Why straight A’s may indicate poor learning – report from an unusual study

This post is the promised sequel to its predecessor, On making omelets and learning math.

So you got an A. What does that say about how well you are able to apply your new-found knowledge a month from now?

There’s plenty of research into learning (from psychology, cognitive science, neuroscience, and other disciplines) that explains why learning mathematics (more precisely, learning it well, so you can use it later on) is intrinsically difficult and frustrating. But for non-scientists in particular, no amount of theoretical discussion will have quite the impact as the hard evidence from a big study, particularly one run the same way pharmaceutical companies test the effectiveness (and safety) of a new drug.

Unfortunately, studies of that nature are hard to come by in education—for the simple reason that, unlike pharmaceutical research, they are all but impossible to run in the field of learning.
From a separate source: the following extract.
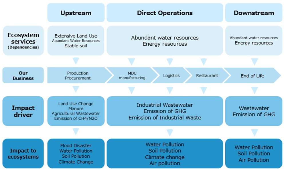 Using "ENCORE," we confirmed the materiality of our business activities (upstream and direct operations) in terms of dependence and impact on natural capital, and identified business activities with particularly high materiality.

But there is one such study. It was conducted a few years ago, not in K-12 schools, but at a rather unique, four-year college. That means you have to be cautious when it comes to drawing conclusions about K-12 learning. So bring your own caution. My guess is that, like me, when you read about the study and the results it produced, you will conclude they do apply to at least Grades 8-12. (I can’t say more than that because I have no experience with K-8, either first-hand or second.)
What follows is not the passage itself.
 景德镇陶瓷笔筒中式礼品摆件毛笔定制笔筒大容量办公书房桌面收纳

The benefits of conducting the study at this particular institution was that is allowed the researchers to conduct a randomized control study on a group of over 12,000 students over a continuous nine-year period starting with their first four years in the college. That’s very much like the large scale, multi-year studies that pharmaceutical companies run (indeed, are mandated to run) to determine the efficacy and safety of a new drug. It’s impossible to conduct such a study in most K-16 educational institutions—for a whole variety of reasons.
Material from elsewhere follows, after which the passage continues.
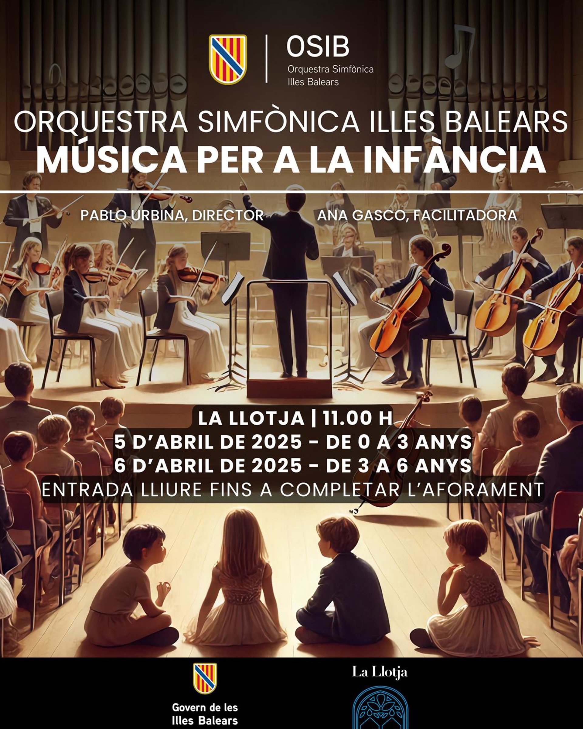 La entrada será libre hasta completar aforo y para ambas sesiones la OSIB contará con la facilitadora Ana Gasco y la dirección de Pablo Urbina.

Classroom at the United States Air Force Academy in Colorado Springs, Colorado

For the record, I’ll tell you the name of that particular college at the outset. It’s the United States Air Force Academy (USAFA) in Colorado Springs, Colorado. Later in this article, I’ll give you a full overview of USAFA. As you will learn, in almost all respects, its academic profile is indistinguishable from most US four-year colleges. The three main differences—all of which are important for running a massive study of the kind I am talking about—are that (1) the curriculum is standard across all instructors and classes, (2) grading is standardized across all classes, and (3) students have to serve five years in the Air Force after graduation, during which time they are subject to further standardized monitoring and assessment. This framework provided the researchers a substantial amount of reliable data to measure how effective were the four years of classes as preparation for the graduates first five years in their chosen specialization within the Air Force.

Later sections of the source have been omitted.